Lindsay hated the fact that her heart was beating so quickly, urging her to take the hard words back, but something inside her had torn loose, and the bad scene at Thanksgiving had started it. She watched Sally wash her hands, looked out the window where the posse had gathered under Lindsay’s “tree of life,” and were picking off bits of bark and throwing them at each other.
“We’re almost there,” Sally said. “All we have to do is pretend we hate each other until after Science Fair.”
“I don’t have to pretend.”
Sally didn’t try to stop the tears now. “Come
on,
Lindsay!” she begged. “We can’t let Taylor tell on us this close to Science Fair. We have to win the prizes. Our future depends on it.”
“What future?” Lindsay said. “Even if I win the money that’s no guarantee I’ll get into college. People like me, we can work our hardest and still end up in crappy jobs. Screw the project. I don’t care anymore.”
She walked out the classroom door, down the hallway to the nurse’s office because her stomach hurt and she was out of antacids, and that big bottle of Tums sounded better than birthday cake or rabbit stew or chocolate anything.
“I need to telephone my grandfather,” Lindsay told the nurse, who was watching a talk show on the office TV.

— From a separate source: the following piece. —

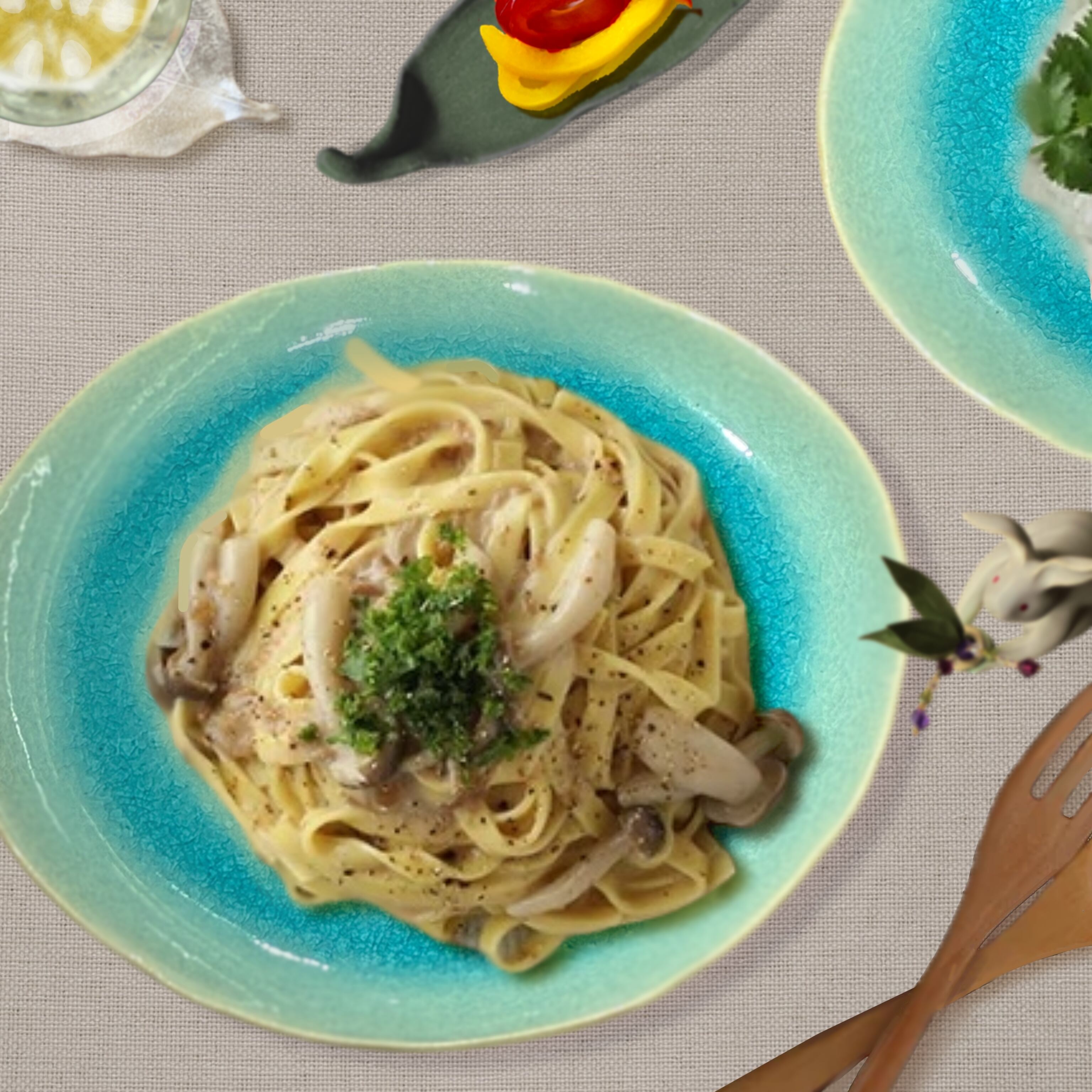 淡いブルーが料理の色を引き立て、食卓に静かな華やかさを添えてくれます。

“Are you sure?” the nurse asked. “Wouldn’t you rather talk to your mother?”
In Lindsay’s hand, the business card Dr. G had given her was growing damp from her clutching fingers. “No, ma’am. He’s also my doctor, and he’s concerned about my stomachaches.”
“I’m glad to hear somebody is. You certainly have enough of them.” She handed Lindsay the receiver. “Don’t forget to dial nine and wait for the dial tone. I’ll leave you alone so you can make your call in private. Then I’ll need to speak to him to get you released.”
Lindsay punched in the numbers of the pager, and then when prompted, pressed in the school telephone number, and the suffix, 9-1-1*. Dr. G had told her it was code for I really need to talk right this minute. She hung up, and sat down on her favorite cot, which had a red plaid flannel comforter. She thought of all the days she spent there, waiting for her gut to calm down. Little bits of her DNA were here in this office, all over the place. Lindsay knew she had ulcers, and she knew it was time to tell someone about it, and that it had to be the right someone to tell to make it better.